## Task directions
Your response to the data below should hold nothing except the lines from the one containing "百丽厚底保暖加绒雪地靴女款冬季新款羊毛毛短靴棉鞋子B2272DD4" down to the one containing "een grote haardpartij.", reproduced exactly and without pictures.

## Supplied records
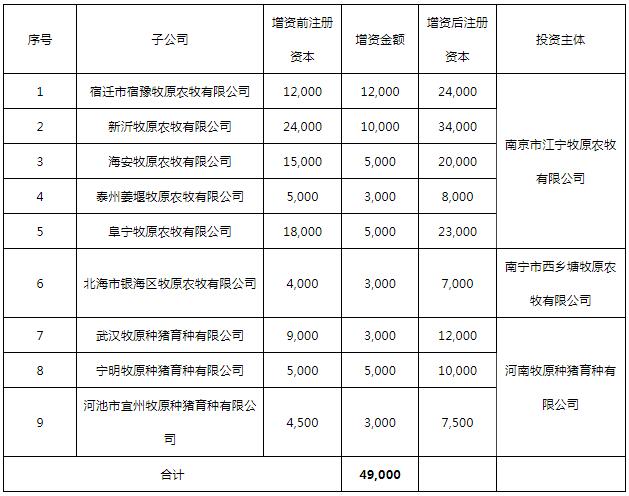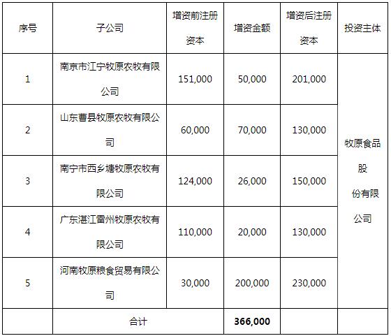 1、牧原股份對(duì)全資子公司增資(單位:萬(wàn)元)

...

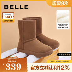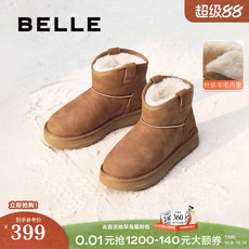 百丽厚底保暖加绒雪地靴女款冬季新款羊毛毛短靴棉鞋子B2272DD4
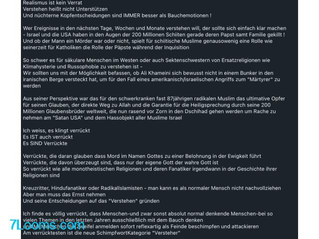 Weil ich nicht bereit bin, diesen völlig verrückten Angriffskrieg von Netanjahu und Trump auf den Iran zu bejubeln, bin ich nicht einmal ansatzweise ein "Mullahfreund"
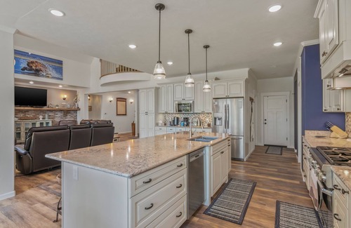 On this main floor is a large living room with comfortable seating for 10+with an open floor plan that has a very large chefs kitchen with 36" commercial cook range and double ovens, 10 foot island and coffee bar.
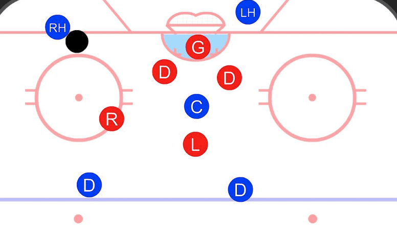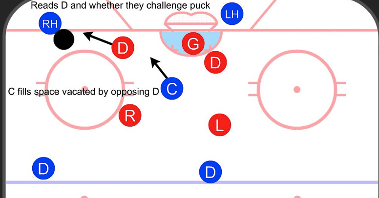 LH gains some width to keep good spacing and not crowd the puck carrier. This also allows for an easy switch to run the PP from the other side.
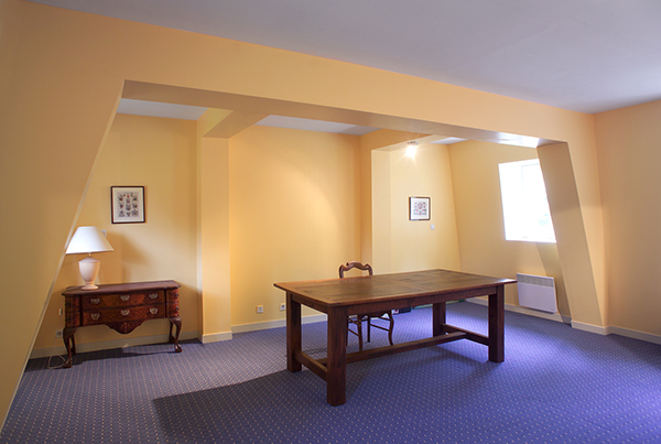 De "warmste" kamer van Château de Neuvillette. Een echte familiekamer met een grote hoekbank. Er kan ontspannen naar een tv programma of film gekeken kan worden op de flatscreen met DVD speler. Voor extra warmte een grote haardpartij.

## Response area
 百丽厚底保暖加绒雪地靴女款冬季新款羊毛毛短靴棉鞋子B2272DD4
 Weil ich nicht bereit bin, diesen völlig verrückten Angriffskrieg von Netanjahu und Trump auf den Iran zu bejubeln, bin ich nicht einmal ansatzweise ein "Mullahfreund"
 On this main floor is a large living room with comfortable seating for 10+with an open floor plan that has a very large chefs kitchen with 36" commercial cook range and double ovens, 10 foot island and coffee bar.
 LH gains some width to keep good spacing and not crowd the puck carrier. This also allows for an easy switch to run the PP from the other side.
 De "warmste" kamer van Château de Neuvillette. Een echte familiekamer met een grote hoekbank. Er kan ontspannen naar een tv programma of film gekeken kan worden op de flatscreen met DVD speler. Voor extra warmte een grote haardpartij.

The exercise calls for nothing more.